INFORMATION GIVEN:
•••
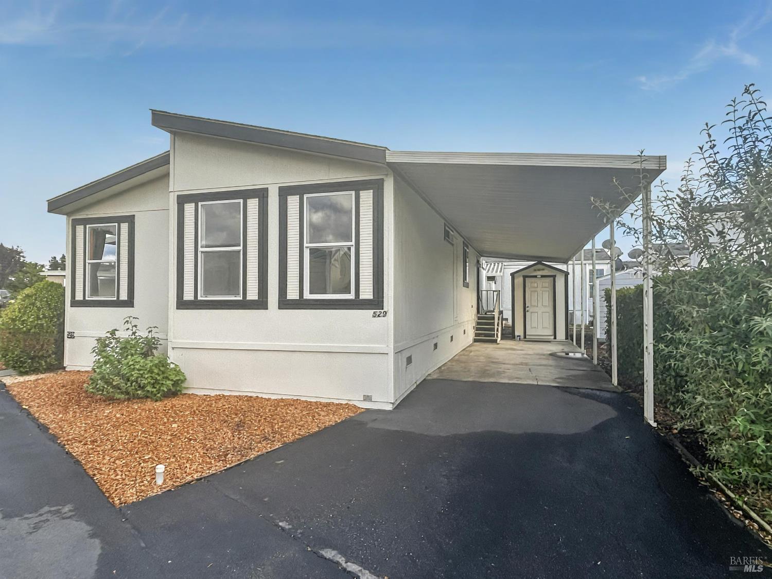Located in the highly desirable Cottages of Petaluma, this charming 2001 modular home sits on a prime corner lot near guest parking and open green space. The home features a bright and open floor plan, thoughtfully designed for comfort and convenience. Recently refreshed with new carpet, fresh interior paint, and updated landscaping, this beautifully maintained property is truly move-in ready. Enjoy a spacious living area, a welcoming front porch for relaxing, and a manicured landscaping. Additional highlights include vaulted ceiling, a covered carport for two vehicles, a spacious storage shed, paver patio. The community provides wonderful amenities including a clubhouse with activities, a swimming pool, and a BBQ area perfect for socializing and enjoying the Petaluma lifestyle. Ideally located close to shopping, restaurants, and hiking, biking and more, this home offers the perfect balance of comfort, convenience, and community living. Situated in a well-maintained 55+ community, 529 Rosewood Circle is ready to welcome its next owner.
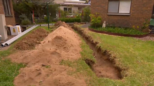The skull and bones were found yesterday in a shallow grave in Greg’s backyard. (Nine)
•••
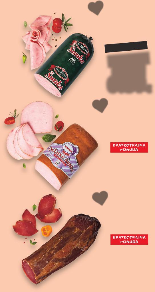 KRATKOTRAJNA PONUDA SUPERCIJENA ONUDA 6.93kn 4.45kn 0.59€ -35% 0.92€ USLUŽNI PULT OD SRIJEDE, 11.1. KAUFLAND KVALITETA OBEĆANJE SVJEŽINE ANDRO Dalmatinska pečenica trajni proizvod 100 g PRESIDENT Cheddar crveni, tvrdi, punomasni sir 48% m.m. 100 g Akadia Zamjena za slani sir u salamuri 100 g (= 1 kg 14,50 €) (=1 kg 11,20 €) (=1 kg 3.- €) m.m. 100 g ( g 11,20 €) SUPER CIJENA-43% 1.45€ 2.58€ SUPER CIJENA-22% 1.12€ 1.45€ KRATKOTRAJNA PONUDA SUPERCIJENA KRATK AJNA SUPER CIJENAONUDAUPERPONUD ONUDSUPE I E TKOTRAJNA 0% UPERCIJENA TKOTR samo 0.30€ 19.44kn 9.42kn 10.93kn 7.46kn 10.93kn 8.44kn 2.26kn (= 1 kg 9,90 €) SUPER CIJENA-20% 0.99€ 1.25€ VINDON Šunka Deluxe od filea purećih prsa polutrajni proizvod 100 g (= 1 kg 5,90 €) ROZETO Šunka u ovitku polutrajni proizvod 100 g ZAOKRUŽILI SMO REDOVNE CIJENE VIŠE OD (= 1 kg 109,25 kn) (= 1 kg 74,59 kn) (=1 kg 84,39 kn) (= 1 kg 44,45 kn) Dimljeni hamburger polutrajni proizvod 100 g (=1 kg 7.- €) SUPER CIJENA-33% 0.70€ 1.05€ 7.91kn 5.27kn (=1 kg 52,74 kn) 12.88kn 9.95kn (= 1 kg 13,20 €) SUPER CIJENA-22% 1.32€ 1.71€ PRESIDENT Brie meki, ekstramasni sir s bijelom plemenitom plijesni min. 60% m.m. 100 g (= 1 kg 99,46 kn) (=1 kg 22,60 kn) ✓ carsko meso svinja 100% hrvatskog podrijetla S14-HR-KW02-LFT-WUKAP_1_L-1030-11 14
•••
With the pictures omitted, restate word for word the lines above from the line that has "Located in the" up to and including the line that has "The skull and", and no other lines.

EXERCISE SOLUTION:
Located in the highly desirable Cottages of Petaluma, this charming 2001 modular home sits on a prime corner lot near guest parking and open green space. The home features a bright and open floor plan, thoughtfully designed for comfort and convenience. Recently refreshed with new carpet, fresh interior paint, and updated landscaping, this beautifully maintained property is truly move-in ready. Enjoy a spacious living area, a welcoming front porch for relaxing, and a manicured landscaping. Additional highlights include vaulted ceiling, a covered carport for two vehicles, a spacious storage shed, paver patio. The community provides wonderful amenities including a clubhouse with activities, a swimming pool, and a BBQ area perfect for socializing and enjoying the Petaluma lifestyle. Ideally located close to shopping, restaurants, and hiking, biking and more, this home offers the perfect balance of comfort, convenience, and community living. Situated in a well-maintained 55+ community, 529 Rosewood Circle is ready to welcome its next owner.
The skull and bones were found yesterday in a shallow grave in Greg’s backyard. (Nine)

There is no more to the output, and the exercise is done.